The Company adopted the provisions of Interpretation No. 48 effective January 1, 2007. As a result of the
implementation of Interpretation No. 48, the Company recorded an increase of approximately $65 million in
liabilities for unrecognized tax benefits, which was accounted for as a reduction to the January 1, 2007, balance
of reinvested earnings. As of December 31, 2007, the Company had recorded gross unrecognized tax benefits of
approximately $643 million.
In 2008, agreements were reached between the U.S. government and a foreign government concerning the
allocation of income between the two tax jurisdictions. Pursuant to these agreements, we made cash payments
during the third quarter of 2008 that constituted payments of tax and interest. These payments were partially
offset by tax credits taken in the third quarter and fourth quarter of 2008, and tax refunds and interest on
refunds to be received in 2009. These benefits had been recorded as deferred tax assets in prior periods. The
settlements did not have a material impact on the Company’s consolidated income statement for the year ended
December 31, 2008. The impact of these agreements, and other 2008 activity, is reflected in the balances of our
unrecognized tax benefits and deferred tax assets as of December 31, 2008, which are further discussed below.
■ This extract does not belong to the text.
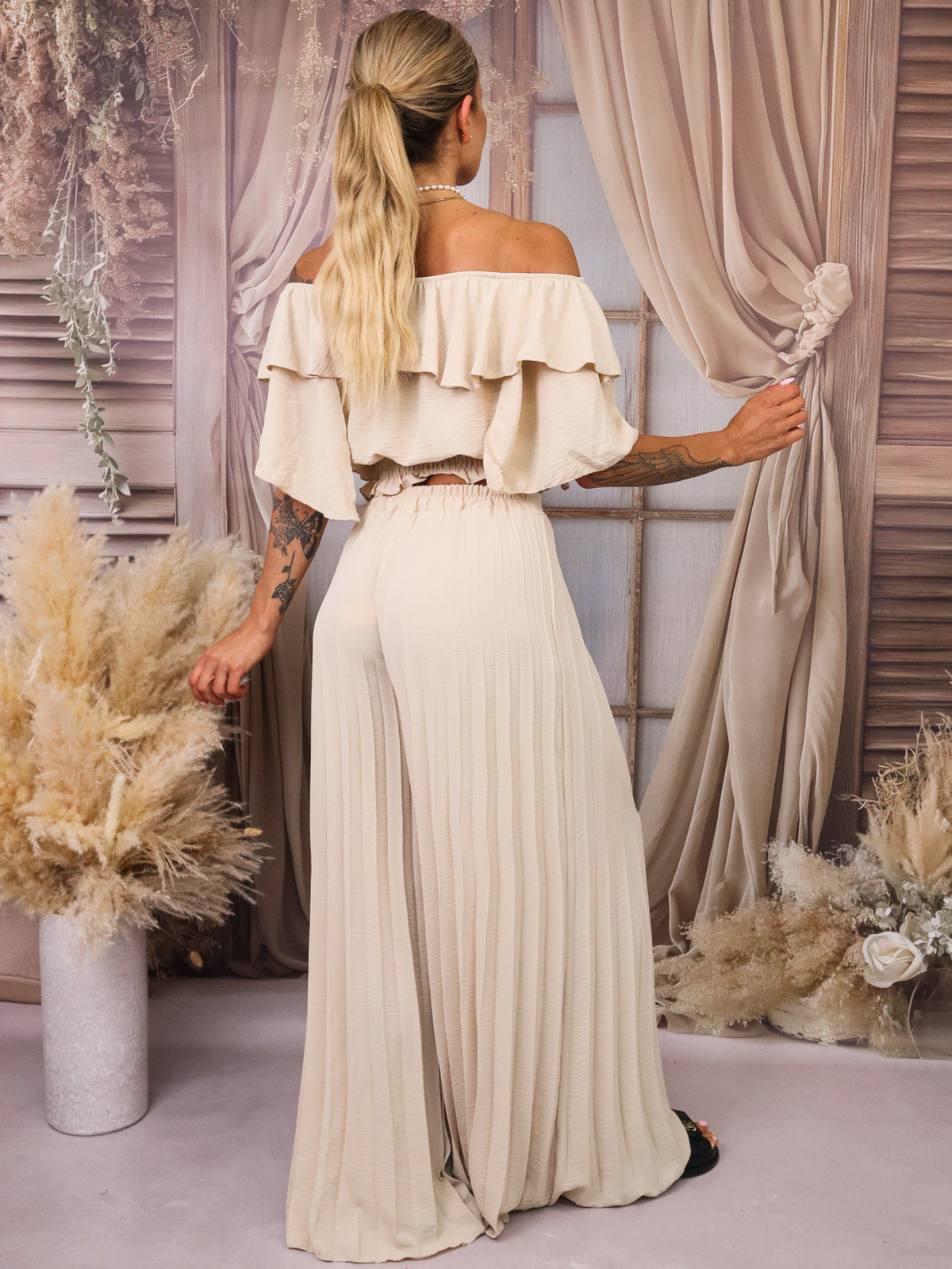 KOMPLET TOP HISZPANKA+ SPODNIE PLISOWANE- BEŻOWY

As of December 31, 2008, the gross amount of unrecognized tax benefits was approximately $369 million. If
the Company were to prevail on all uncertain tax positions, the net effect would be a benefit to the Company’s
effective tax rate of approximately $174 million. The remaining approximately $195 million, which was recorded
as a deferred tax asset, primarily represents tax benefits that would be received in different tax jurisdictions in
the event that the Company did not prevail on all uncertain tax positions. The Company recognizes accrued
interest and penalties related to unrecognized tax benefits in income tax expense. The Company had
approximately $110 million in interest and penalties related to unrecognized tax benefits accrued as of
December 31, 2008. If the Company were to prevail on all uncertain tax positions, the reversal of this accrual
would also be a benefit to the Company’s effective tax rate.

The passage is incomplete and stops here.